I've responded to a few of your comments before, but decided to do so on the atozteacherstuff.com blog - this isn't link spamming - just wanting to send you a link to my response in case you wanted to reply. I don't own that site or benefit from its promotion in any way.

http://forums.atozteacherstuff.com/showthread.php?t=190736

Timothy Shanahan Jun 13, 2017 01:47 AM

9/23/2015

Thanks, EdEd. You might be right, but if you are then the research standards employed by the National Science Foundation, National Institutes of Health, and the various National Academies of Science in the U.S,--and the comparable institutions around the world (Canada, UK, Hong Kong, Luxembourg, etc.--are all doing it wrong. The only way you can know if a component makes a difference is to isolate that component. Yes, if a component is a part of a larger intervention that works, you can't just omit that component in practice, but as I indicate in this blog, and as all those science organizations agree, you can isolate the impact of a component, by evaluating the intervention without it. Many years ago, Isabel Beck put forth a comprehensive approach to vocabulary instruction, and then tested the impact of various components of the intervention by leaving them out of particular studies. One can and should do the same thing if one wants to claim that formative assessment makes a difference in adolescent literacy.

EdEd Jun 13, 2017 01:48 AM

9/23/2015
Thanks for your response Dr. Shanahan - I agree with your comment that package research doesn't prove efficacy of individual components separate from the whole. I think I could have explained myself better with my wording and choice of terms.

What I mean, more specifically and (hopefully) simply, is that I don't see formative assessment as just a component in many studies, but an integral part of the intervention process evaluated - inseparable, inextricable, part & parcel - both practically and theoretically. As such, studies that evaluate reading programs that collect structured data, then use that data to plan, modify, or change strategies, really are directly measuring formative assessment as an independent variable. Studies that demonstrate the efficacy of CBM and MTSS/RtI on academic achievement, for example, are re

Timothy Shanahan Jun 13, 2017 01:48 AM

9/23/2015

Thanks, EdEd. That helps to clarify... however, I don't know of any of those studies that are on anything in reading but basic skills... typically studies carried out with primary grade kids or older readers reading at very low levels. The recommendations I was challenging were formative assessment plans aimed at improving literacy achievement in secondary schools. Don't know of any evidence of that and given the nature of what kids need to learn in those years if they are not severely disabled, I find it unlikely that such assessment would help. Always willing to be convinced by evidence, but without it I'm left with reasoning on the basis of logic and experience (tenuous, of course, but it is all I have in this case). Thanks, again.
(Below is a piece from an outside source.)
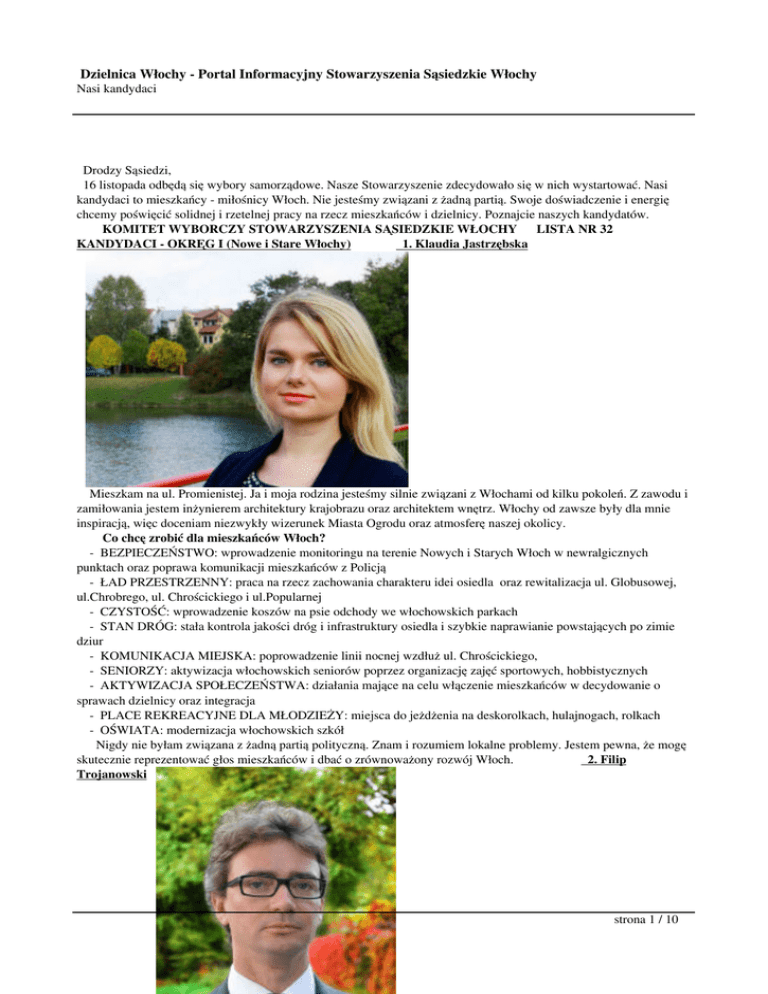 Dzielnica Włochy - Portal Informacyjny Stowarzyszenia Sąsiedzkie Włochy Nasi kandydaci Drodzy Sąsiedzi, 16 listopada odbędą się wybory samorządowe. Nasze Stowarzyszenie zdecydowało się w nich wystartować. Nasi kandydaci to mieszkańcy - miłośnicy Włoch. Nie jesteśmy związani z żadną partią. Swoje doświadczenie i energię chcemy poświęcić solidnej i rzetelnej pracy na rzecz mieszkańców i dzielnicy. Poznajcie naszych kandydatów. KOMITET WYBORCZY STOWARZYSZENIA SĄSIEDZKIE WŁOCHY LISTA NR 32 KANDYDACI - OKRĘG I (Nowe i Stare Włochy) 1. Klaudia Jastrzębska Mieszkam na ul. Promienistej. Ja i moja rodzina jesteśmy silnie związani z Włochami od kilku pokoleń. Z zawodu i zamiłowania jestem inżynierem architektury krajobrazu oraz architektem wnętrz. Włochy od zawsze były dla mnie inspiracją, więc doceniam niezwykły wizerunek Miasta Ogrodu oraz atmosferę naszej okolicy. Co chcę zrobić dla mieszkańców Włoch? - BEZPIECZEŃSTWO: wprowadzenie monitoringu na terenie Nowych i Starych Włoch w newralgicznych punktach oraz poprawa komunikacji mieszkańców z Policją - ŁAD PRZESTRZENNY: praca na rzecz zachowania charakteru idei osiedla oraz rewitalizacja ul. Globusowej, ul.Chrobrego, ul. Chrościckiego i ul.Popularnej - CZYSTOŚĆ: wprowadzenie koszów na psie odchody we włochowskich parkach - STAN DRÓG: stała kontrola jakości dróg i infrastruktury osiedla i szybkie naprawianie powstających po zimie dziur - KOMUNIKACJA MIEJSKA: poprowadzenie linii nocnej wzdłuż ul. Chrościckiego, - SENIORZY: aktywizacja włochowskich seniorów poprzez organizację zajęć sportowych, hobbistycznych - AKTYWIZACJA SPOŁECZEŃSTWA: działania mające na celu włączenie mieszkańców w decydowanie o sprawach dzielnicy oraz integracja - PLACE REKREACYJNE DLA MŁODZIEŻY: miejsca do jeżdżenia na deskorolkach, hulajnogach, rolkach - OŚWIATA: modernizacja włochowskich szkół Nigdy nie byłam związana z żadną partią polityczną. Znam i rozumiem lokalne problemy. Jestem pewna, że mogę skutecznie reprezentować głos mieszkańców i dbać o zrównoważony rozwój Włoch. 2. Filip Trojanowski strona 1 / 10 Dzielnica Włochy - Portal Informacyjny Stowarzyszenia Sąsiedzkie Włochy Nasi kandydaci Moja rodzina mieszka w okolicach Parku Cietrzewia od początku historii Starych Włoch. Tu się wychowałem i chodziłem do szkoły. Tu zamieszkałem wraz z rodziną. Mam 40 lat. Zawodowo zajmuję się sprawami finansowo-bankowymi (w tym budżetowaniem i finansowaniem samorządów). Znam i rozumiem sektor pozarządowy. Od wielu lat działam w organizacjach społecznych, w tym w Stowarzyszeniu Sąsiedzkie Włochy, gdzie pełniłem funkcję Wiceprezesa, a obecnie jestem członkiem Komisji Rewizyjnej. Co chciałbym zrobić dla mieszkańców Włoch? - Doprowadzić do jednoznacznego wyznaczenia zasad parkowania na wszystkich lokalnych ulicach - Poprawić oznaczenia przejść dla pieszych – w szczególności w miejscach uczęszczanych przez dzieci w drodze do szkoły (np. na ul. Krańcowej w miejscu wejścia do parku). - Zintegrować infrastrukturę rowerową z systemem lokalnych ulic (dodatkowe oznaczenia, ścieżki, stojaki, rowerowa mapa Włoch) - Stworzyć radio internetowe „WWW”, czyli „Wszystko We Włochach”, służące lepszej integracji mieszkańców. - Wprowadzić „Kartę Włochowską”, czyli system zniżek i rabatów skierowany do mieszkańców Włoch i promujący lokalnych przedsiębiorców. - Budować realny dialog z Portami Lotniczymi respektujący potrzeby mieszkańców - w tym zorganizowanie forum wiedzy i wsparcia dla osób, które wniosły roszczenia odszkodowawcze przeciwko PPL im. F.Chopina w Warszawie. Chciałbym udowodnić mieszkańcom poprzez działanie w Radzie Dzielnicy, że samorząd jest ich własnością, a ich głos jest najważniejszy. Jestem otwarty na wszystkie działania, które są dla Państwa ważne. Wystarczy napisać: [email protected] 3. Sławomir Porębski Mieszkam na ulicy Obywatelskiej. Z wykształcenia jestem matematykiem. Zawodowo pracuję jako analityk biznesowy. Jestem młodym i ambitnym działaczem społecznym, zaangażowanym w problemy otaczającej społeczności. Nigdy nie odmawiam pomocy i jestem otwarty na dialog z mieszkańcami. Dzięki zaufaniu sąsiadów jestem członkiem zarządu Osiedla Zielona Italia - jednej z największych wspólnot mieszkaniowych w naszej dzielnicy. Co chciałbym zrobić dla mieszkańców Włoch? - Dbać o zachowanie koncepcji Miasta Ogrodu, zgodnie z którą wybudowane zostały Włochy - Przeorganizować ruch kołowy na ul. Obywatelskiej tak, żeby docelowo rozwiązać problem bezpieczeństwa mieszkańców nie zapominając o potrzebie miejsc postojowych. - Wspierać rozwiązania pozwalające kobietom na godzenie kariery zawodowej z opieką nad dziećmi. - Odnowić szkoły na terenie naszej dzielnicy, dzięki partnerstwu publiczno-prywatnemu i środkom unijnym. - Wspierać budowę ścieżek rowerowych wzdłuż ul. Chrościckiego i ul. Globusowej. - Poprawić komunikację pomiędzy mieszkańcami a urzędnikami. Chciałbym zwiększyć udział stowarzyszeń w życiu publicznym i żeby radni bardziej brali pod uwagę głos mieszkańców. Serdecznie zapraszam na moją stronę facebook.com/SlawomirPorebskiSpolecznie, gdzie można dowiedzieć się więcej o mnie i o tym, co chciałbym zrobić dla Włoch. 4. Michał Uss strona 2 / 10 Dzielnica Włochy - Portal Informacyjny Stowarzyszenia Sąsiedzkie Włochy Nasi kandydaci Moja rodzina zamieszkała we Włochach w okresie międzywojennym. Z wykształcenia jestem inżynierem. Posiadam międzynarodowe kwalifikacje finansowe ACCA. Pracuję w sektorze energetycznym pozyskując fundusze UE. Jestem członkiem Zarządu Stowarzyszenia Sąsiedzkie Włochy. Mam 3 dzieci. Wierzę, że Miasto Ogród Włochy zachowując swój kameralny charakter oraz poszerzając ofertę edukacyjną, może być idealnym miejscem dla rodzin z dziećmi. Co chciałbym zrobić dla mies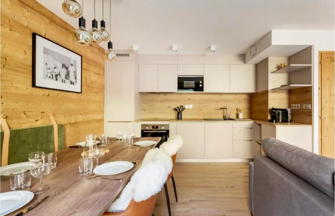 Lägenhet 12 ligger 1 km från centrum av Morzine och har fantastisk utsikt söderut över staden och bergen och är tillgänglig via trappan eller hissen. Med ett kök i öppen planlösning, matplats och vardagsrum med två dubbelrum, ett litet rum med våningssängar för två personer och en bäddsoffa. Det är perfekt för upp till 8 personer, men för säkerhets skull också en utdragbar säng som kan användas för en extra gäst och resesäng för en bebis. Det finns säker cykelförvaring och ett skidskåp

EdEd Jun 13, 2017 01:49 AM

9/24/2015

Definitely Dr. Shanahan - my perspective is that you're right with research on literacy at the secondary level. My initial comments were more related to how you came about your conclusions - some of the assumptions about research that seemed to be made - rather than the specifics of the particular concept of formative assessment in secondary school.

I wouldn't mind your opinion on this, slightly alternative thought process: Formative assessment (in a general sense, not a specific set of procedures) really is a structured way of determining evidence-based practice. It's different from other strategies in that it almost isn't a technique, but a way to evaluate techniques. To what degree should we use formative assessment not because it's evidence-based, but because we believe instruction should be evidence-based, and that's our way of figuring out if it is.

Similarly, do we have any direct research of research itself on secondary literacy? To what extent have we evaluated the very concept of research methodology with secondary literacy? Sure, we can evaluate and test specific statistical tests, and could evaluate the utility of specific research designs, but the very concept of research itself? Is that even possible, or is that more of an assumption given our approach to expecting research in the first place?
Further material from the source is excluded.